Он вдохнул прохладный ночной воздух. Невидимые легионы цикад пели в полумраке. Подслеповатые глаза Эргастера смотрели куда-то в прошлое, все более и более далекое, вызывая в памяти образы той страшной трагедии.
– Меня приютил сам Сципион Эмилиан[31], разрушитель Карфагена. В своей палатке он всегда держал двух маленьких мартышек и меня, маленького Квинта Эргастера, и всегда называл нас «тремя маленькими обезьянками». Я, естественно, был третьим в этой компании. Мы были его единственной радостью и развлечением.
Описанная моим амфитрионом ситуация могла быть истолкована по-разному, но я, конечно, промолчал. Он продолжил рассказ:
– Эмилиан был счастлив, только когда играл с нами, – вспоминал он, – потому что тот поход был сплошным ужасом, юный Марк, бесславным ужасом. Пять лет длилась осада, унесшая полмиллиона жизней. Ты понимаешь, какое варварство скрывается за одной простой цифрой? Полмиллиона убитых людей! В конце концов мы пощадили каких-то пятьдесят тысяч несчастных, а может, и того меньше. И мы их, само собой разумеется, обратили в рабство.
Он замолчал. Я подумал, что наступил удобный момент разрешить сомнение, терзавшее меня все годы учебы. Римским ученикам полагалось выучить наизусть слова, которые Сципион произнес при виде горящего Карфагена. Нас заставляли писать сочинения и готовить речи, раздумывая над глубоким смыслом этого важнейшего исторического момента.

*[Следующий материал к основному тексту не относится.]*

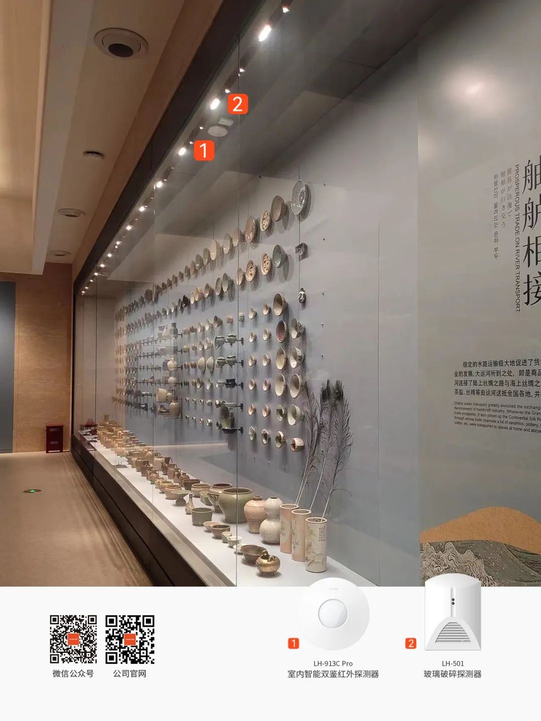 而在每個(gè)展柜內(nèi)部,豪恩也安裝了玻璃破碎探測器,及時(shí)感知對展柜的惡意敲擊、爆破以及高低溫攻擊等破壞行為,為珍貴的文物筑起第二道保護(hù)墻。
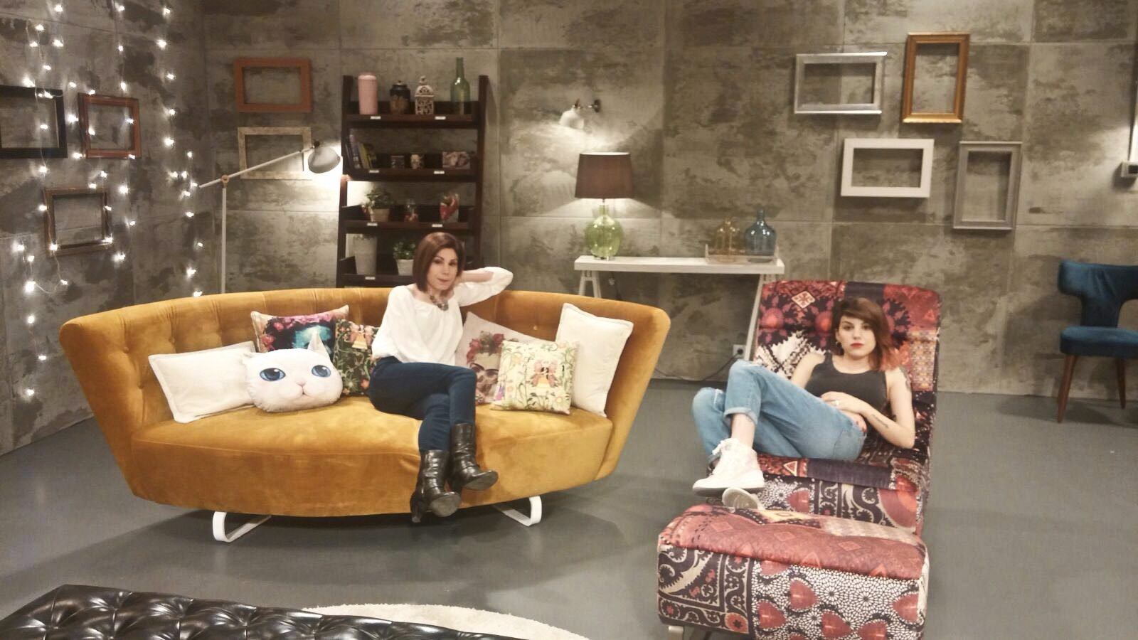 Las entrevistas se realizan en un clásico de nuestro catálogo “La caracola” que para la ocasión está tapizada con tonos azules de la Vintage Collection. También podremos ver el sofá Lulu en tonos ocres, unas sillas Mili&Lalo, y un MySoul muy llamativo.
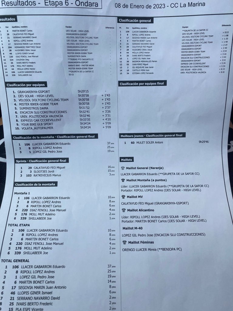 Eduardo Llacer lleva también el maillot de la montaña; Miguel Calatayud, el de las Metas Volantes; Andrés Ripoll, el de primer alicantino; Pedro José López, el de M40; y, Mireia Orengo, el de la primera féminas.
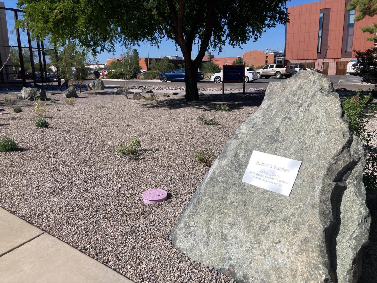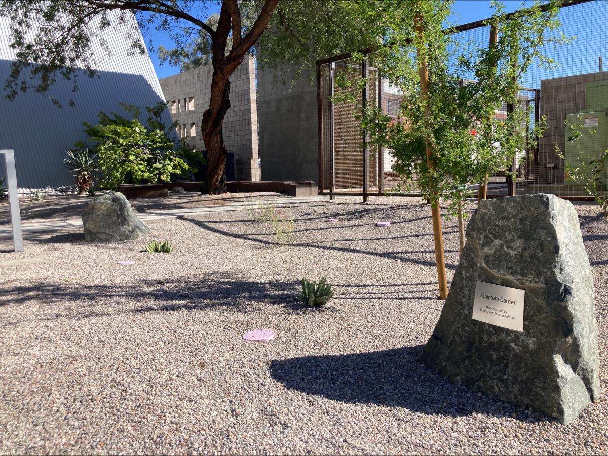 Native and desert-adapted plants are featured across five distinct garden areas and includes salvaged plants from the Tucson Succulent Society. Additionally, new trees have been included that over time will complement and add to the existing shade provided by two large mesquite trees. Designed for water retention, the garden areas had a recent test run with the significant rains of October 2025, and performed as hoped. The named garden areas include Bubbe's Garden, named with support from David, Ashley, and Morrison Hazan in honor of Soozie Hazan; the Apostrophe Garden, named with support from an anonymous donor, and the Sculpture Garden, named with support from Tim and Anne Schaffner. Over time, as plants establish roots and grow, they will fill in the space with significant and exciting greenery.

Поэтому я воспользовался случаем спросить об этом у Эргастера:
– Пожалуйста, Квинт, разреши мои сомнения: правда ли, что Сципион Эмилиан произнес те самые слова, пока легионеры грабили Карфаген, или их придумали потом?
– Разумеется, он их сказал! – проревел он своим громовым голосом полководца. – Я понимаю твои сомнения, потому что большинство историков обычно оказываются несостоявшимися драматургами. Но на сей раз хроники не врут. Я это знаю, потому что сам был там, рядом с ним. Мы стояли на возвышении и прекрасно видели тысячи пожаров и слышали крики миллионов мужчин, женщин и детей… Да, весь этот огромный город превратился в погребальный костер. От волнения глаза Эмилиана горели, как уголья. И тогда, окруженный друзьями и офицерами, он произнес свои знаменитые слова, изменив немного всем известные строки Гомера: «Некогда день сей наступит – падет священная Троя[32], и пожары ее увидит великий странник». А потом зарыдал.